So far, these few examples suggest that the shortest path in the latent space coincides with the actual evolutionary trajectory. Since the latent space coordinates of any data point capture information about the resistance profile of the corresponding strain, we expect that the qualitative matching between the geodesic and the actual trajectory should mean that the resulting resistance profile predicted by the geodesic is very similar to the actual experimental resistance profile. To see if this is the case, we must decode the latent space trajectory back to the original space. Doing so projects back all of the points sampled along the geodesic curve to the original data space with eight antibiotic resistance values. However, there is a catch: the geodesic curve is a smooth continuous function of time, but the resistance profile of a strain is a discrete set of values with different step sizes. In other words, when constructing the geodesic curve, we define a continuous function connecting the initial and final point with no sudden jumps in the coordinates. But there is no a priori reason that the resulting experimental curve should be smooth. This statement is not necessarily a consequence of the discrete sampling of the data with a one-day time step that could be resolved by increasing the sampling frequency, but rather a consequence of the genotype-phenotype map. Although in the simulations presented in the main text we assume that all evolutionary steps follow certain distribution of step sizes as a convenient mathematical simplification, the complexity of the genotype-phenotype map might be such that this simplification is not valid. To emphasize this point even further, we can think of the geodesic curve as a prediction of what the cross-resistance values for the different antibiotics ought to be without information about when those values must evolve in time.
The consequence of this is that it is not clear how to align the continuous geodesic curve with the discrete experimental data.
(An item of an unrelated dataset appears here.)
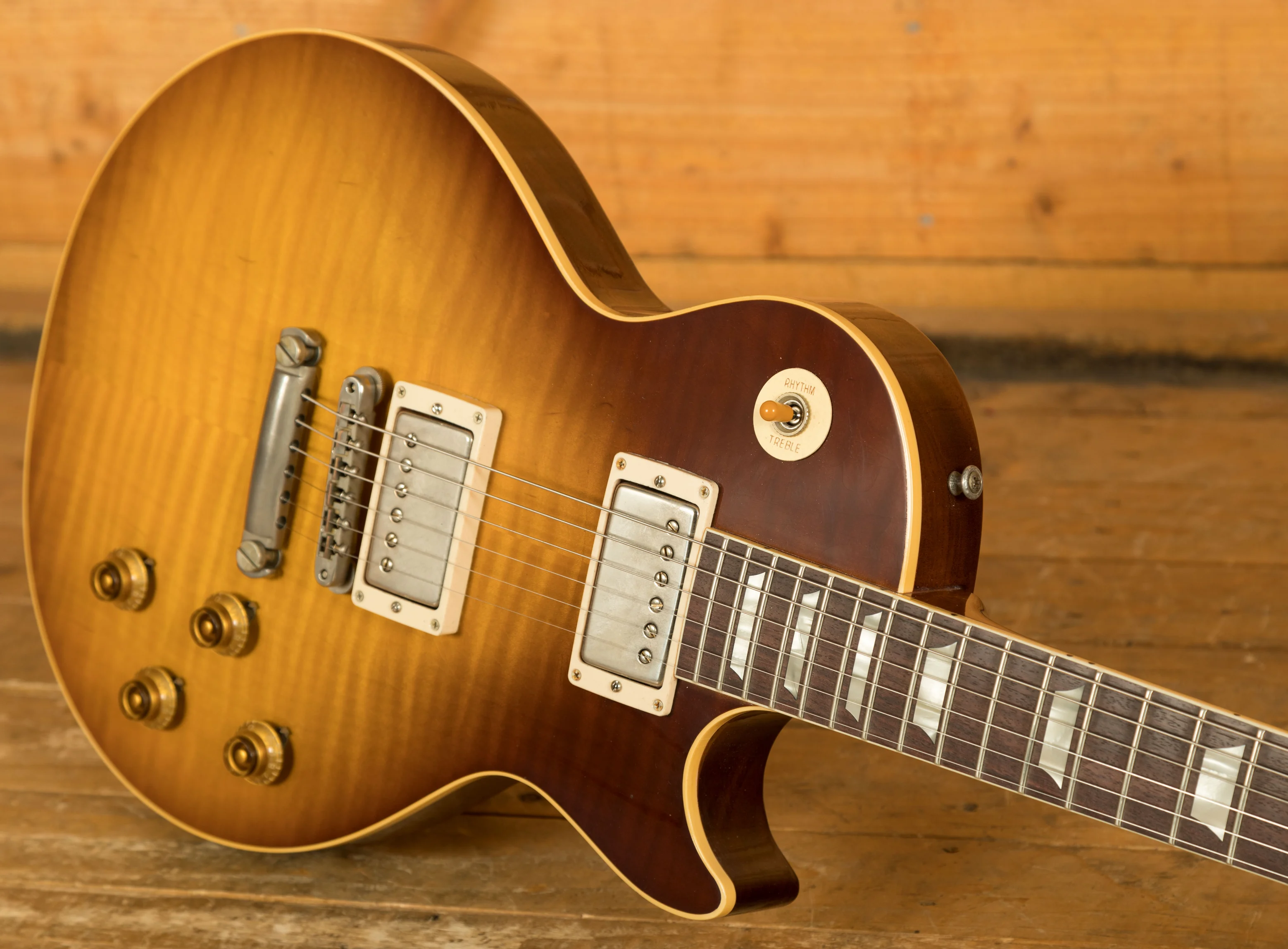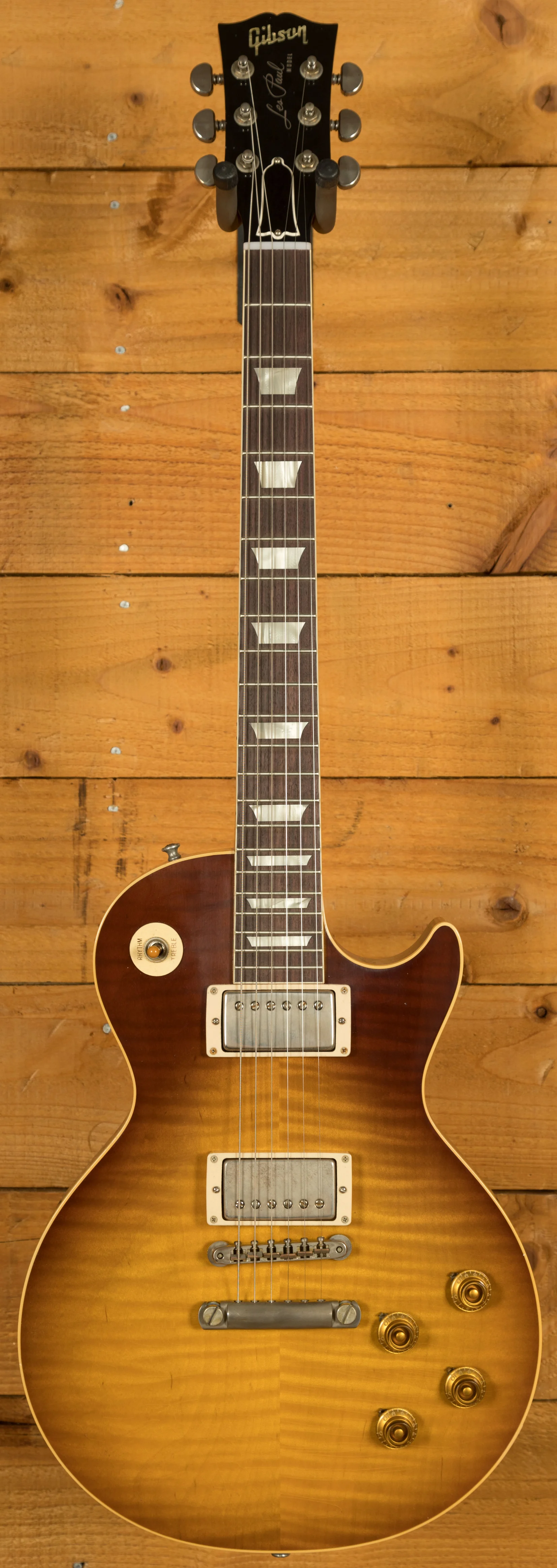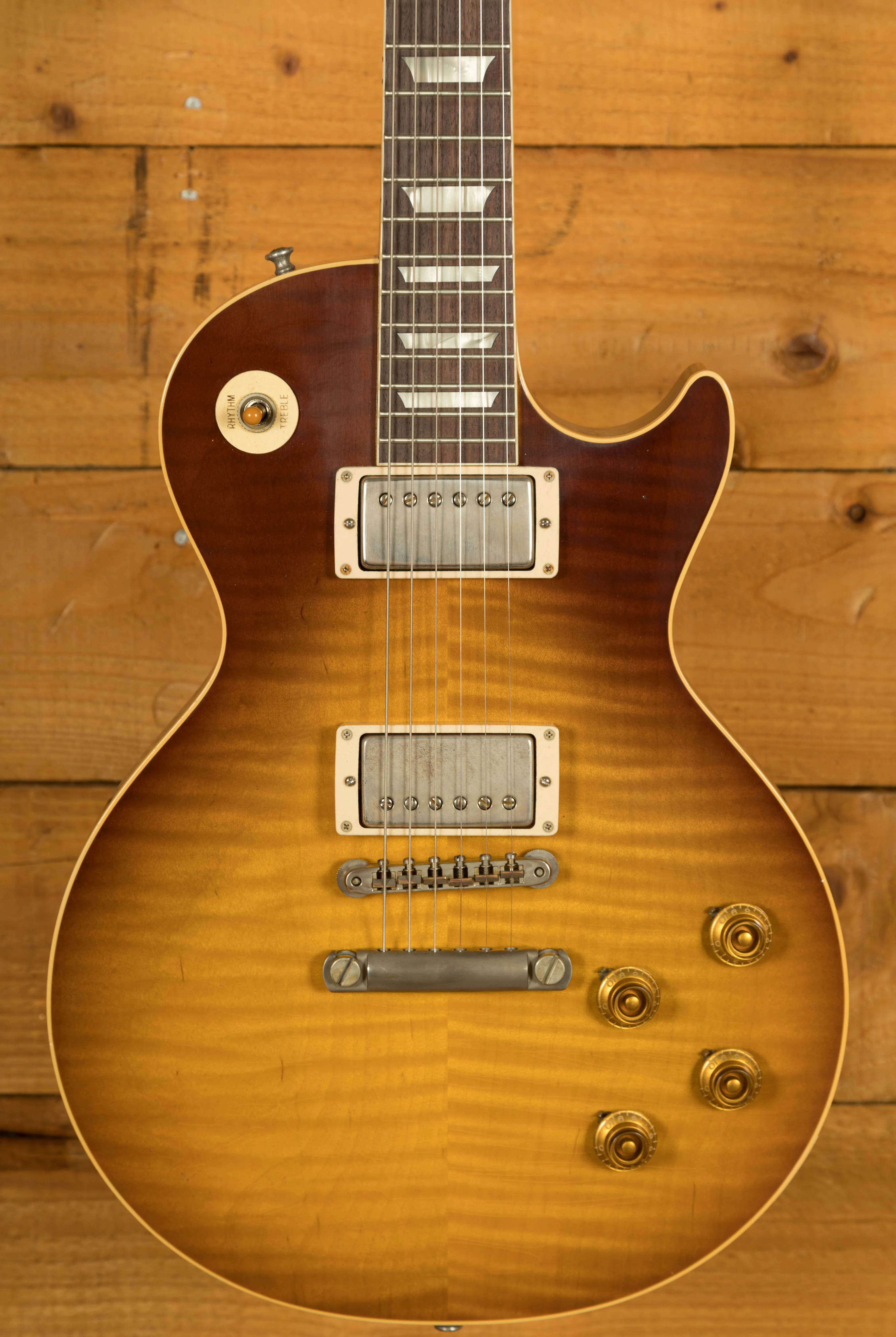 With a Mahogany body, this Les Paul benefits from a figured Maple top for the ultimate tonewood partnership. Rich and super resonant it offers premium tone and timeless aesthetics, while the Dark Ice Tea Fade Ultra Light Aged Nitro finish looks super unique and really allows the wood to breathe and the natural tone to sing through. The Murphy Lab do an incredible job of capturing the feel of a vintage instrument. With hide glue construction, this Les Paul offers true vintage tonality.

We can, however, make use of methodologies developed for similar purposes in the form of time-warping algorithms. In this case, we can use dynamic time warping (DTW) to align the continuous geodesic curve with the discrete experimental data. DTW is a well-known algorithm in the signal processing community for aligning two time series with different step sizes. Effectively, DTW finds the optimal pairing of points between the two time series, with the constraint that the alignment is monotonic, i.e., if point \(x_i\) in one time series is aligned to point \(y_j\) in the other time series, then \(x_{i+1}\) is either aligned to \(y_{j}\) or \(y_{j+1}\), never stepping backwards. We use this algorithm to align the points sampled along the geodesic curve in latent space with the resulting experimental curve also in latent space. This point, although subtle, is important: the alignment is done in latent space, not in the original data space. This means that the alignment is done based on the metric tensor learned by the RHVAE, and not on the original data.
Once we have the aligned latent space trajectory, we can decode it back to the original data space and plot the resulting experimental curve. Figure 7 and Figure 8 show the results of this procedure for the same few lineages shown in Figure 6. On the left, we show the same latent space trajectory as in Figure 6, on the right, we show the resulting \(IC_{50}\) curves for each of the eight antibiotics. The gold curves show the original experimental curves, while the red curves show the geodesic-predicted curves after the dynamic time warping alignment. Although far from perfect, the alignment is remarkably good considering that the predictions were drawn from only knowing the initial and final points of the trajectory in latent space and then computing the shortest path between them. This surprising result begs for further experimental investigation along with extensive theoretical analysis of why this phenomenon occurs. One tantalizing, although highly speculative, possibility is that evolution proceeds in phenotype space following a least action principle, i.e., the path taken by the evolutionary trajectory is the one that minimizes the distance traveled in phenotype space subject to the constraints of phenotype accessibility, as modeled by our genotype-phenotype density function in the main text.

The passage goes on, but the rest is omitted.